The New Testament Gospels and Sources in the Order of When They Were Written:

1. The Book of Enoch / 1 Enoch (Chapters 1-36) The Book of Watchers

2. The Book of Enoch / 1 Enoch (Chapters 37-71) The Book of Parables

3. Authentic Letters of Paul (see if they match what was in Marcion’s canon)

4. Mark

5. Q

6. Matthew

7. John

8. Marcion’s Gospel according to Paul

9. Luke (a response to Marcion)

The New Testament Gospels and Sources in the Order of When They Were Written:

1. The Book of Enoch / 1 Enoch (Chapters 1-36) The Book of Watchers

2. The Book of Enoch / 1 Enoch (Chapters 37-71) The Book of Parables

3. Authentic Letters of Paul (see if they match what was in Marcion’s canon)

4. Mark

5. Q

6. Matthew

7. Luke

8. John

9. Marcion’s Gospel according to Paul with Marcion editing Luke’s gospel

10. Acts of the Apostles (a response to Marcion and brazenly re-writing the autobiographical information in the authentic Pauline Letters)

  

Bart D.E.

Critical scholars are widely agreed that the earliest Gospel was Mark, written around 70 CE; that Matthew and Luke were some years later, say, 80-85 CE; and that John was the last Gospel, around 90-95 CE. But how do scholars establish those dates?
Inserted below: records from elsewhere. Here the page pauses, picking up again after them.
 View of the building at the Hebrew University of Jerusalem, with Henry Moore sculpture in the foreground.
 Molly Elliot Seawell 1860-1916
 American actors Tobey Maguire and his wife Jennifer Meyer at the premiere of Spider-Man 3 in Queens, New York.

It is actually a highly complicated matter, but I can give some sense of why these particular dates are so widely preferred. To begin with, none of the Gospels appears to have been known to the apostle Paul, writing in the 50s. Paul was an extraordinarily well-traveled and well-connected apostle, as we will see, and if anyone would have known about the existence of written accounts of Jesus’ life, it would have been him. Probably they did not exist yet. On the other hand, early non-canonical authors such as Ignatius of Antioch and Polycarp of Smyrna (see chapter 28) do seem to know some of the Gospels. And so some or all of the Gospels were written before these authors produced their letters, around 110-15 CE. This means that the Gospels probably date to somewhere between 60-115. Can we be more precise?
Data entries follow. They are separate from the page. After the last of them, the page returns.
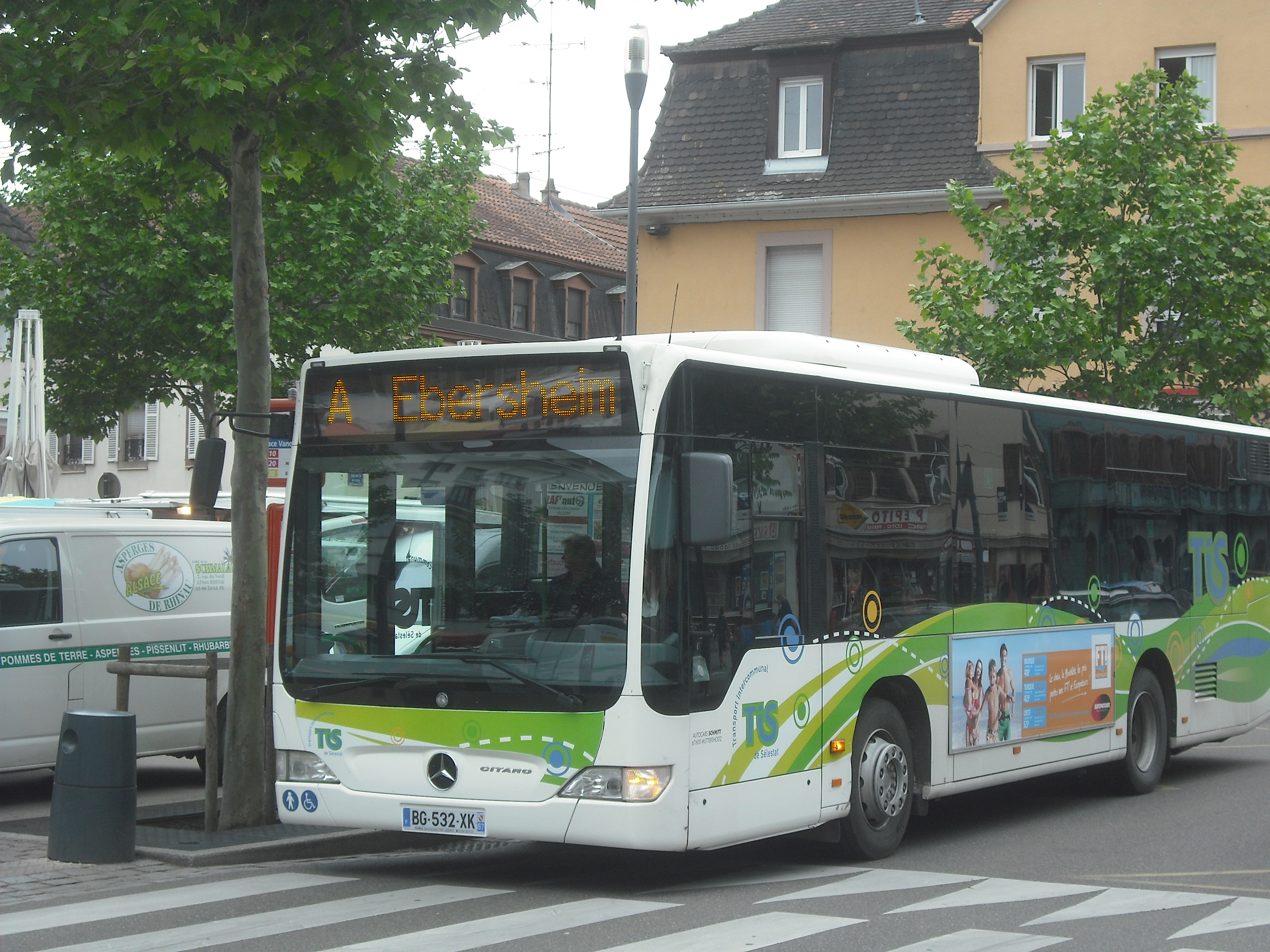 Bus de la compagnie TIS de Sélestat.
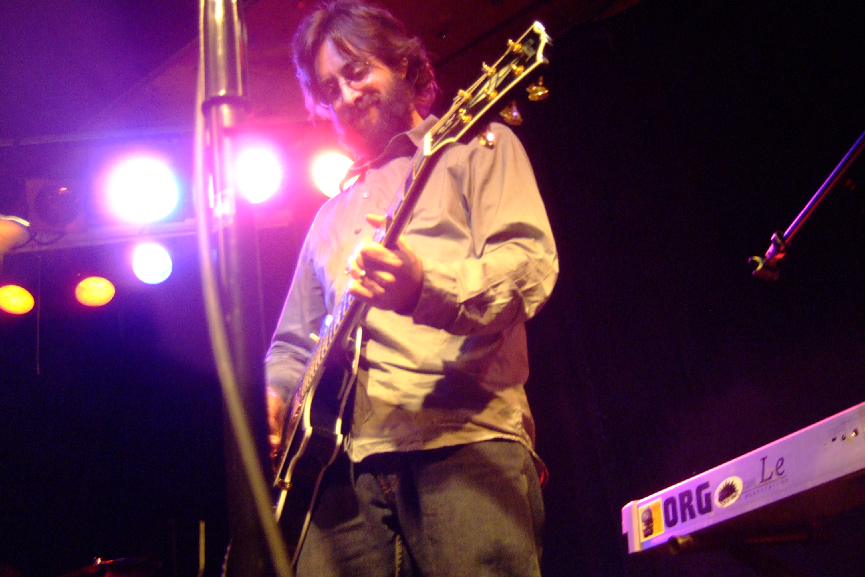 Bubba Kadane of The New Year. This photo sucks but I love that he's smiling in it. I love The New Year but god I miss Bedhead so much.
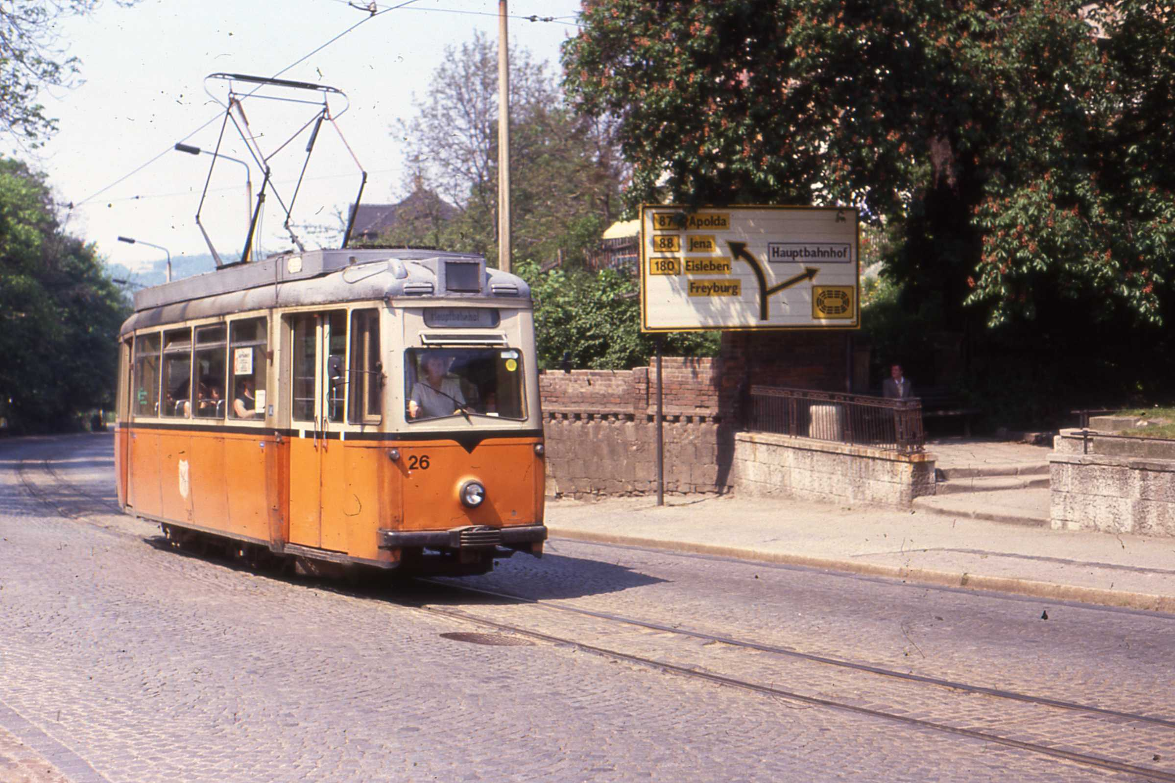 I think the tram is operating anticlockwise here, the opposite direction from the previous year. LOWA car no 26 has climbed the steep hill from the Hauptbahnhof on the cental running 1000mm gauge track among the cobbles. This tram survived until the end of the system before abandonment and eventual resurrection initially as a museum operation and the daily operation of today, albeit not utilising this part of the system any more.

It is frequently noted that the earliest Gospels seem to presuppose the destruction of the city of Jerusalem and of the Jewish temple, as happened in 70 CE. And so, for example, in Mark’s Gospel Jesus indicates that the nation of Israel will be destroyed (12:9) and that the temple will not be left standing (13:1-2). Matthew is even more explicit: here Jesus tells a parable in which God is portrayed as burning the city and killing its inhabitants (22:8). Luke has similar passages (e.g., 21:24). All these passages seem to presuppose that by the time the books were written, the destruction had happened.

Someone may respond by saying that in these passages Jesus is predicting the destruction of the Jerusalem, not looking back on it. Fair enough! But when is a Christian author likely to record a prediction of Jesus in order to show that he predicted something accurately? Obviously, in order to show that Jesus knew what he was talking about, an author would want to write about these predictions only after they had been fulfilled. Otherwise the reader would be left hanging, not knowing if Jesus was a true prophet or not. So even if we assume that Jesus did predict such things, the fact that they are written so confidently by later authors suggests that they did so after the events – that is, after the destruction of Jerusalem and the temple in 70 CE.
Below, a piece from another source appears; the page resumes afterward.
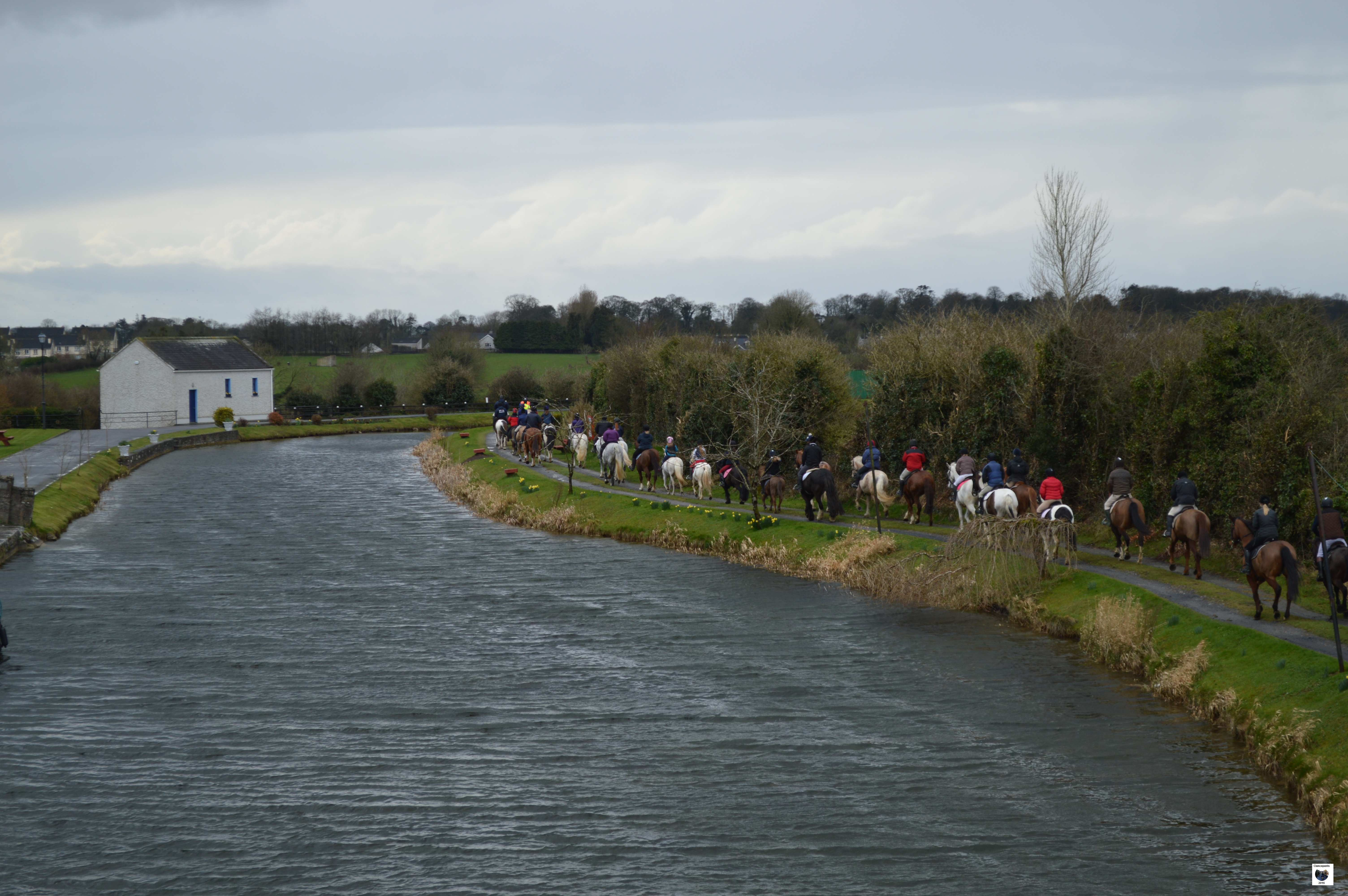 Hack through Brannigan Harbour Ballymahon

Mark, as we will see, was the first Gospel. So possibly he was written soon after 70 CE. Matthew and Luke both used Mark for the writing of their Gospels; that means that Mark must have been in circulation for a while, so say ten years or so later. And John appears to be the last Gospel of all, so sometime at the end of the first century makes sense. These then are some of the grounds for the widely accepted dates of the Gospels.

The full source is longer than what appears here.